二, FUSE ESB kernel Architecture
FUSE ESB 4 still supports JBI, and it is based on OSGi, it provides additional flexibility. FUSE ESB 4 has the following layered architecture:
Technology layer—includes technologies such as JBI, JAX-WS, JAX-RS, JMS, Spring, and JEE
FUSE ESB kernel —a wrapper layer around the OSGi container implementation, which provides support for deploying the OSGi container as a runtime server. Runtime features provided by the FUSE ESB kernel include hot deployment, management, and administration features.
OSGi framework —implements OSGi functionality, including managing dependencies and bundle lifecycles
FUSE ESB kernel is based on Apache Felix Karaf, a powerful, lightweight, OSGi-based runtime container for deploying and managing bundles to facilitate componentization of applications 
FUSE ESB kernel uses Equinox as its default OSGi implementation. FUSE ESB kernel can also use any standard OSGi container, such as Apache Felix.
the OSGi framework contains the following:
Bundles — Logical modules that make up an application.
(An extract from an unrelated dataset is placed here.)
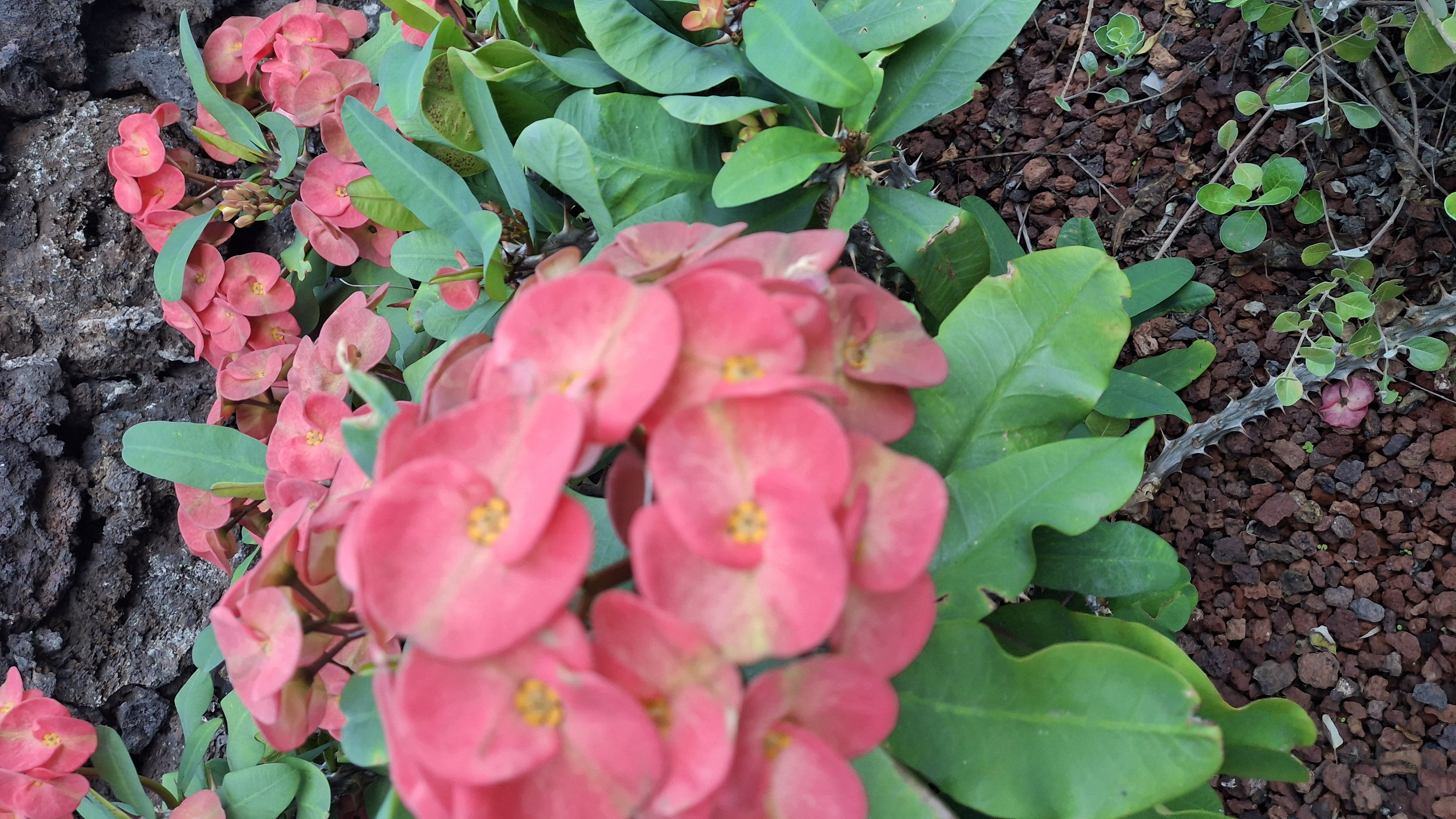 They have an avocado tree (no fruit yet), a mango tree (second set of fruit looking good but not ripe until later), and several banana plants (lots of little green bananas, and some yellow ones on the neighbour’s tree which hangs over the fence line… does that make them fair game??? PS YES THEY WERE FAIR GAME – AND DELICIOUS!!!), plus lots of herbs and a small raised bed with vegetables which are already growing like crazy even though they were just put in a week ago (some of the string beans look almost ready to eat!). Most of the potted plants are succulents, which are easy to care for. However, mixed in are ferns, peace lilies, poinsettias, a lovely orchid, a bunch of stuff that I know we have at home as houseplants, some variety of milkweed with only 2 leaves left on it which already has a Monarch chrysalis attached to the side of the pot, something that looks like polka dotted begonias on steroids, and countless things I can’t even name! As well there are flowers planted right in the ground, like the towering hibiscus plants in a variety of colours, and an amazing coral flower called a Crown of Thorns, which has the most wicked looking stems I have ever seen.
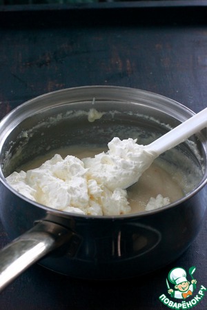 Готовим сливочную шапочку. В холодное молоко всыпать семолину, сахар, чуть подсолить и варить после закипания молока, помешивая, 2 минуты. Поставить остывать. За это время каша еще немного загустеет и станет по консистенции похожей на густую рыночную сметану.

Service layer — Provides communication among modules and their contained components. This layer is tightly integrated with the lifecycle layer.
Lifecycle layer — Provides access to the underlying OSGi framework. This layer handles the lifecycle of individual bundles so you can manage your application dynamically, including starting and stopping bundles.
Module layer — Provides an API to manage bundle packaging, dependency resolution, and class loading.
Execution environment — A configuration of a JVM. This environment uses profiles that define the environment in which bundles can work.
Security layer — Optional layer based on Java 2 security, with additional constraints and enhancements.

FUSE ESB therefore provides a scalable unit of deployment, the feature, which enables you to deploy multiple bundles (and, optionally, dependencies on other features) in a single step

FUSE NMR:
the OSGi framework provides a model of synchronous communication between bundles (through method invocations on OSGi services), it currently does not provide a model of asynchronous communication.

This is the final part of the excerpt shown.